CHICAGO -- The first trailer for the next "Star Wars" movie was streamed live Friday morning in Chicago, and if you weren't lucky enough to be in the room where it happened, think Jobs-era Apple iProduct unveiling, with more black capes than black turtlenecks. Think enigmatic power-broker captains of industry striding across a stage and proclaiming the future has arrived. Think a youngish, tech-savvy flock of faithful listening intently at their feet. Think standing ovations. Then more standing ovations. Then finally, it's time, the lights lower, the room hushes. The trailer. Ever seen 7,000 people lean forward? This happened, too.
Think nervous anticipation.
Moments earlier, lightsabers ignited, waving in neon reds and blues and greens. John Williams' famous march -- dun, dun, dun, dun-da-dun, dun-da-dun -- quickened pulses. George Lucas explained in a video that he initially intended to create a "modern fairy-tale," Anthony Daniels (C-3PO) recalled fans thanking him; Stephen Colbert bounded out to MC: "Please sit down," he said, "you'll need to conserve energy." Not unlike a "Star Wars" film unfolding, each moment was topped by the next.

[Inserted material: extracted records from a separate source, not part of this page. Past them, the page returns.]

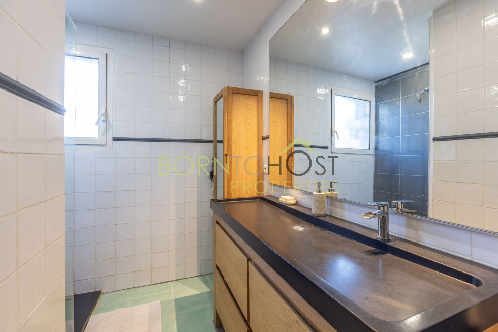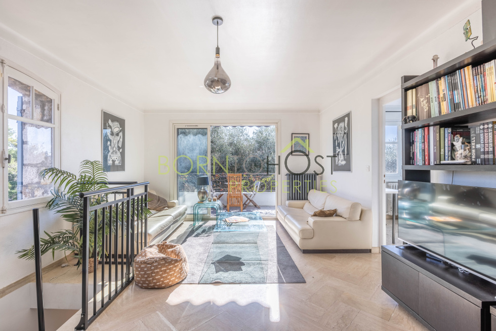 Sur 2 étages, elle peut être partagée en 2 appartements séparés avec entrées individuelles par le jardin (2 portails électriques indépendants).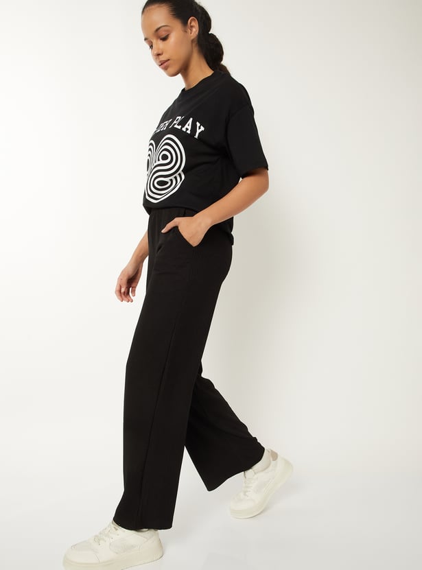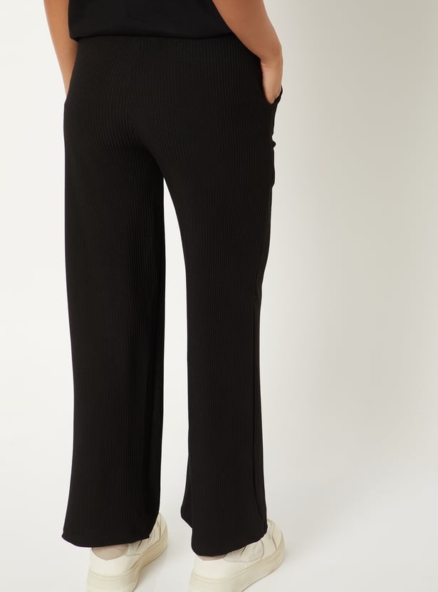 Women Ribbed Wide Leg Sports Track Pants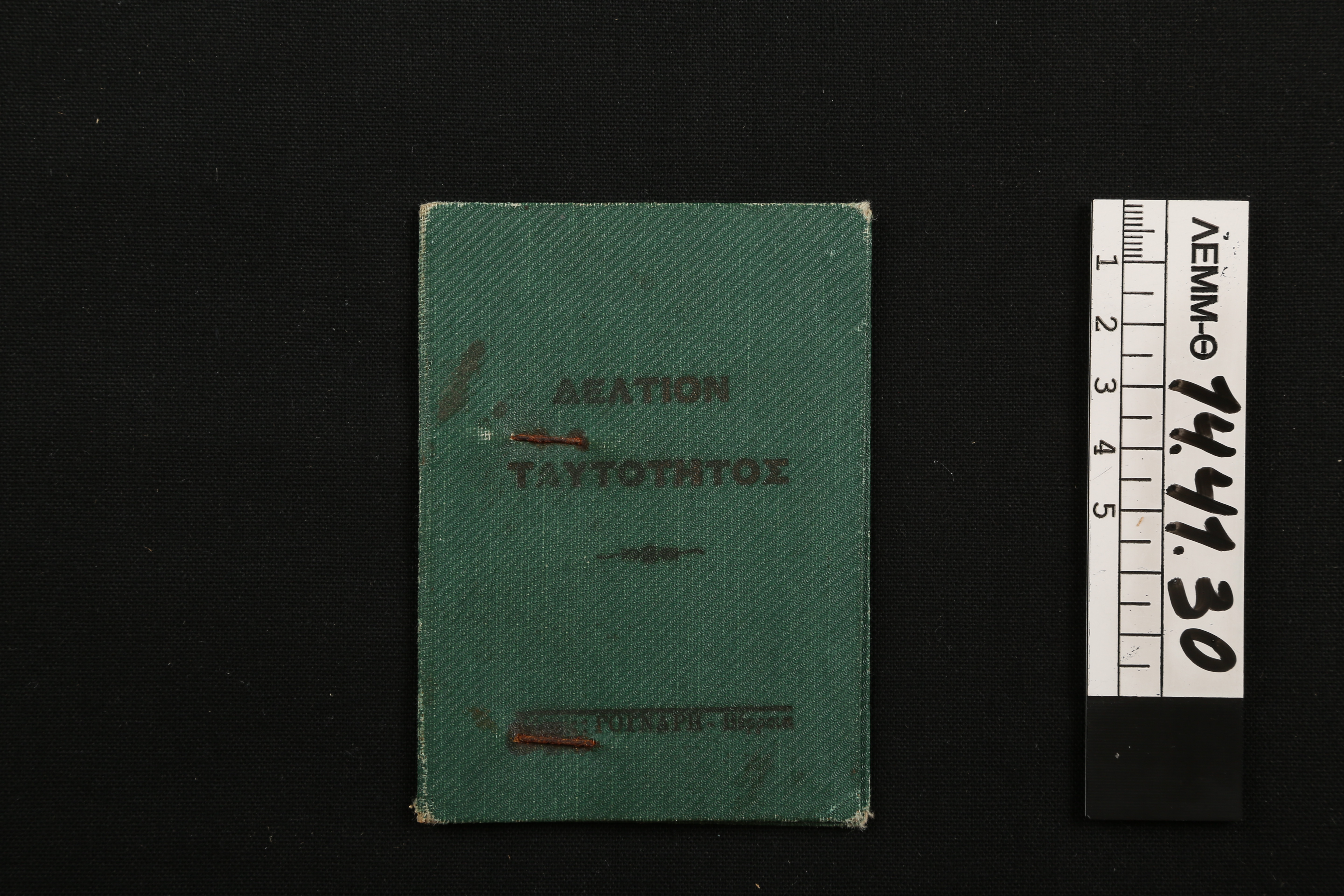 Δελτίο ταυτότητας - πράσινη δίφυλλη υπηρεσιακή ταυτότητα με φωτογραφία του δημοδιδασκάλου Ευστράτιου Σάκκη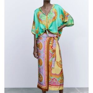 Blouse made of viscose. V-neck with lapels and short sleeves.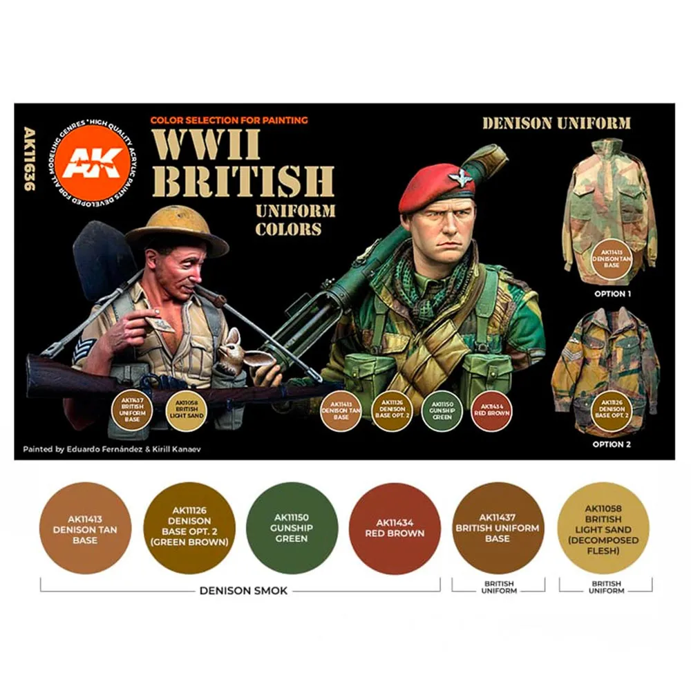 In this set you will find all the necessary colors to paint all the monocromatic uniforms used by the British ground forces and all the camouflage patterns used at the time, such as the Denison pattern.

For the record, if you still haven't heard ...
The new movie is named "Star Wars: Episode IX -- The Rise of Skywalker," and there's a desert, and a cool standoff between Rey and a Tie Fighter, lots of flying about, then, in the darkness of the title card, the cold laugh of the Emperor, long thought to be dead!
But really, who cares?
This is about a mood, and a feeling, and a warmth, and a bond. As a new image of an 80-something Billy Dee Williams (returning as Lando Calrissian) flashed past, a man in the audience leaned over to his wife and said loudly, "I can't help it, I'm losing it," then he wept. Throughout, in the silences, you could hear that, a sniffle or a laugh cracking into tears. The trailer featured Luke Skywalker saying, "No one is ever really gone" and, presumably to the young Rey, "a thousand generations live in you now." The message was less a sledgehammer than an embrace: At a moment when no one really believes anything bonds us anymore, "Star Wars" is a cultural legacy and bond. And it loves you.
Even Colbert grew serious. He said "Star Wars" reminds him that he was once a child.
This unveiling was the central event of Star Wars Celebration, the semi-regular, Lucasfilm-organized salute to all things Lucasfilm and "Star Wars," happening this time at McCormick Place for five days, expecting to draw 35,000 fans a day. It was billed modestly as a conversation about "Star Wars: Episode IX" with Lucasfilm president Kathleen Kennedy and director J.J. Abrams, but the open secret was, they'll show a trailer, they'll offer a glimpse at the trajectory of this universe and, of course, a film title.
The title, when it finally appeared at the end of the trailer, drew whoops, cheers, an electric reaction in an already electric room: Jovan Ramirez of San Francisco said, "That title, that's phenomenal, that's really what fans needed, exactly the right tribute."